The Eternal Now

Right here, right now is the most important time in my life. Now is the time to accumulate all my experiences. I have lived an amazing journey, and I rejoice that I have prevailed and have not lost my joy for life. I have experienced the joy of victory and the agony of defeat, and I know that the Creator ordered my steps to understand the value of serving him.


I enjoy the time that I spend with the Creator. I am, by nature, an introspective person, and the inner workings of my mind come with comfort and delight. There was a time when my journey inwardly was consumed with emotional conflict, which precipitated my first bipolar episode—reflecting on my inner workings and the stroll through my mind. I learned how to navigate and create a path for myself.


Not knowing how to deal with your thoughts and feelings can be a recipe for disaster, unleashing unbridled thoughts that can disturb your psyche. How you think and how you feel as an inexperienced individual, not knowing how to deal with yourself, would ultimately lead to the person of consciousness that I am. I shout from the rooftop, my experiences consistent with a minister’s profound words.


A minister’s words of a profound nature resonate through my mind: “The Creator will put you in a situation, bring you out of it, then put you back there to help others.” In the midst of adversity, you may not see the forest for the trees. But with my spiritual maturity, I see that the adversity brought out the diamond in the rough, revealing an understanding of life.


Having mental health challenges as a young adult thrust me into the mental health system. It’s what I became, and the insight from being a client and, ultimately, working in a clinical setting, from that vantage point. A book gives you awareness, but to know how it feels and to know the clinical language and words to communicate to others, it was worth it.


It’s amazing, this is the timeline, fifty years ago I am downtown, and it was 47 years ago since my last episodic. At this moment, I am in a movie theater watching Midnight Express, which features a scene set in a mental institution in Turkey. I thought Northville was a challenge; it was the conditions when they say the bottom has a trap door. Turkey displayed here that even the trapdoor has a trapdoor. It could always be worse.

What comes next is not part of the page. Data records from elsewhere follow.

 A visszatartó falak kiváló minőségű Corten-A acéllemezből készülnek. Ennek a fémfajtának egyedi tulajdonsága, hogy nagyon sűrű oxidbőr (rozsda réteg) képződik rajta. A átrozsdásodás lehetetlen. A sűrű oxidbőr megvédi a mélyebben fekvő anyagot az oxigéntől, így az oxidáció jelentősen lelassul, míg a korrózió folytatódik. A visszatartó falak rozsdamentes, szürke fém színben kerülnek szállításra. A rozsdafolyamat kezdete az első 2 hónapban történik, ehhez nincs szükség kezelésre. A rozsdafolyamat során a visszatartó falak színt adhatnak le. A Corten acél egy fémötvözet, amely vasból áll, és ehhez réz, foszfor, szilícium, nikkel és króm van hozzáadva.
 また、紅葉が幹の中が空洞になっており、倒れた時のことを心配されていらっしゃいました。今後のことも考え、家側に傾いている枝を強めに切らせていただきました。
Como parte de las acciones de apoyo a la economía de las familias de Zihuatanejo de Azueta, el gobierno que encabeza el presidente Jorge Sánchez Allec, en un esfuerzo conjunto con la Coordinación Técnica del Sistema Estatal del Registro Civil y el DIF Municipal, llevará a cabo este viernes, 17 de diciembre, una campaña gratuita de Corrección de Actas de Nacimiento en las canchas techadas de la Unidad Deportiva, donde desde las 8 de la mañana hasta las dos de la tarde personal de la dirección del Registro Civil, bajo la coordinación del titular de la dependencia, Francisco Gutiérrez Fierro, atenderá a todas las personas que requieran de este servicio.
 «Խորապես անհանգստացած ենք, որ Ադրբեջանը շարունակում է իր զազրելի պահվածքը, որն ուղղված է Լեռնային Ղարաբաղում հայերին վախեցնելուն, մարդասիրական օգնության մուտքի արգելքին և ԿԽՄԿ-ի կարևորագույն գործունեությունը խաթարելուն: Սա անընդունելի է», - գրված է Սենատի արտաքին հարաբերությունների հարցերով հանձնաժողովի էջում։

It was in Northville that I saw what my life could be like if I didn’t change. I also saw that my life was not as difficult as it was. Even more important was the revelation that I wanted to work with people who had mental illness. Not knowing that my life could turn around, I felt so low in spirit. When it was time for discharge, the social worker came to tell me. I responded that I was not ready to go, and she reassured me that I would be okay.


After discharge, my brother and his wife were key players in my rehabilitation. Years later, the crack epidemic ravaged my family and the impact that it had on the Black Community; they were casualties. I am amazed by my life, and I will not take anything for granted on my journey. As I record my life, I have always been encouraged to write a book. Writing a book at this time in my life has produced a product distinct from the book itself.


Writing for me became a great opportunity to experience a person who was unaware of the power of the word that comes alive in you. There is another world inside of you that is activated and awakens the sleeping giant in you. In the biblical lore, we are encouraged to believe in the indwelling Spirit that resides in you.


The Creator will give you the desires of your heart, and we have not because we ask not. I reference in my writings that my original goal task to serve others in the capacity of a mental health professional. What we see as adversity, the Creator uses to show his might. It took going to the bottom of the valley to the top to shout about the mercy and blessings of the Creator.


I can attest to the fact that we serve an awesome Creator who is in charge of everything that exists, the entirety of the cosmos, and beyond—the Creator, who is omnipresent and also dwells in me. I am here at this appointed time, and my calling was qualified through the restoration of my mind twice, as my dear brother Abdul would say, I became a better person because of my experiences. Consistent with the notion that what the adversary meant for my destruction, the Creator meant for my good.